Aberdeen’s Young: Why I am avoiding frontier markets

31 Mar

Hugh Young is steering clear of opportunities in frontier markets over fears of a repeat of the collapse seen in Vietnam in 2009.

Young, who is managing director of Aberdeen Asset Management’s Asia division and oversees £24bn in AUM, has not jumped on the frontier markets bandwagon because he sees them as too risky.

“Frontier markets are a popular marketing story, but the region can also be dangerous. Vietnam is a good example, everyone got excited, but the companies were dreadful. A lot of mone
y poured in and now the market has collapsed,” he said.

The Ho Chi Minh City Stock Exchange’s VN index peaked in February 2007 at 1,137, then bottomed out in February 2009 at 241. It is currently trading at around 454.

What happened in Vietnam has deterred Young from investing in other popular frontier markets, which are currently attracting investor attention.
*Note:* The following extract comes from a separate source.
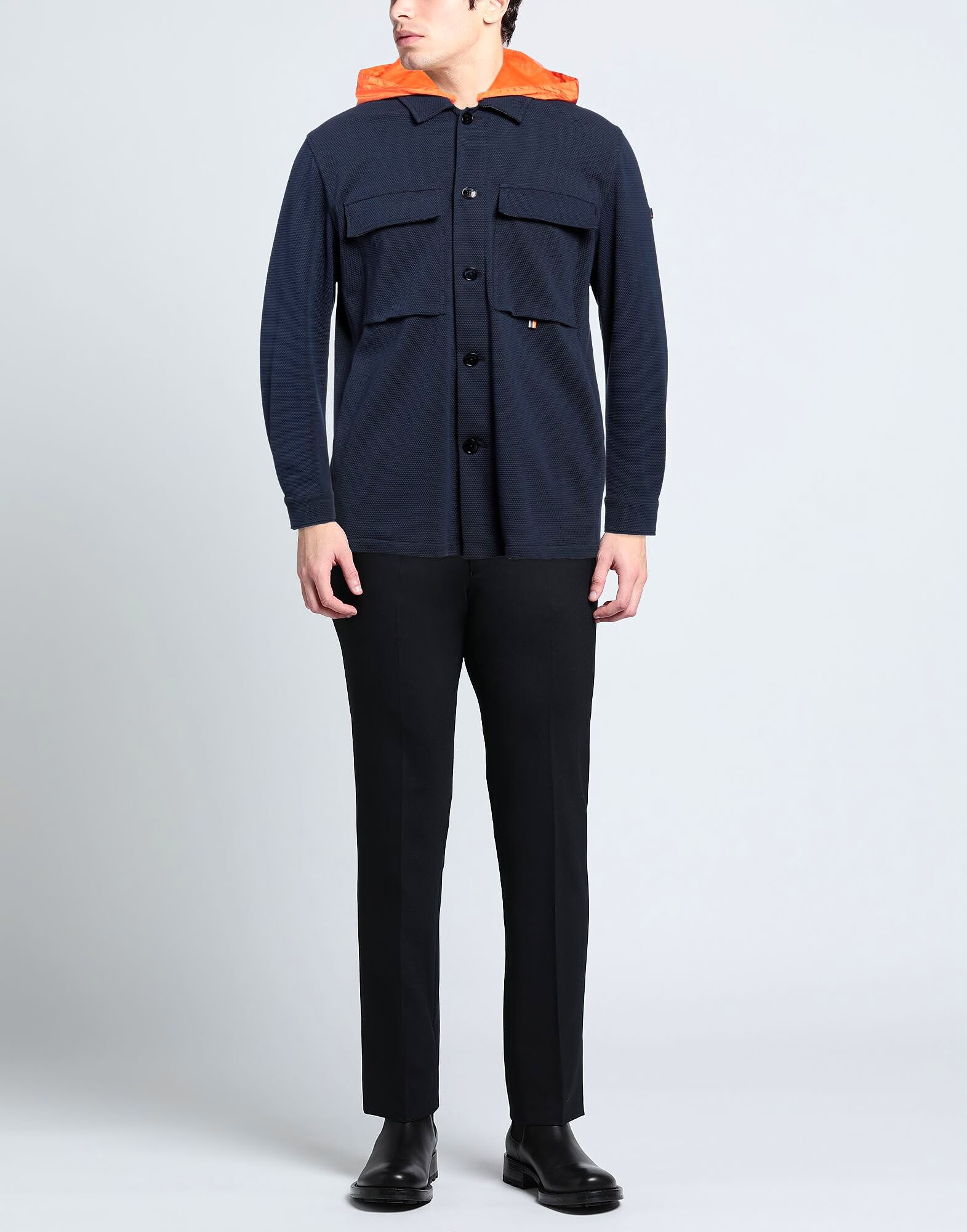 Рубашка-куртка, трикотажная, с логотипом бренда, двухцветная, со съемным капюшоном, длинные рукава, без подкладки, застежка на пуговицы, два нагрудных кармана, эластичная ткань, химчистка, не отбеливать, не сушить в сушильной машине

“People are getting very excited about Burma, for example, despite the lack of access to it. There is one company – Yoma Engineering and Trading – the share price of which has increased fivefold. We were tempted, but we tend to buy the reality rather than what people promise. We prefer to wait to see if they do what they are saying.”

The only frontier market in which the manager invests is Sri Lanka, where he holds blue-chip Aitken Spence, DFCC Bank, the National Development Bank, and online supermarket Keells.

Young said Sri Lanka does not have the same risks as other frontier markets because it is home to both multinational and home-grown companies. Meanwhile, he favours Asian financials, although he has been avoiding major banks in China and Australia for some time, finding better opportunities in Singapore, the Philippines, Malaysia and India.

“In this part of the world, banks are pretty much plain vanilla, just offering mortgages and credit cards. They do not do the daft things that banks do in the West. The tight regulatory environment put in place here eliminates the chance of them making the same mistakes,” he said.

Last year, Young reduced his exposure to cyclicals including consumer stocks, and bought into other areas, including HSBC, which he has bought back into for the first time in 15 years after the bank renewed its focus on Asia.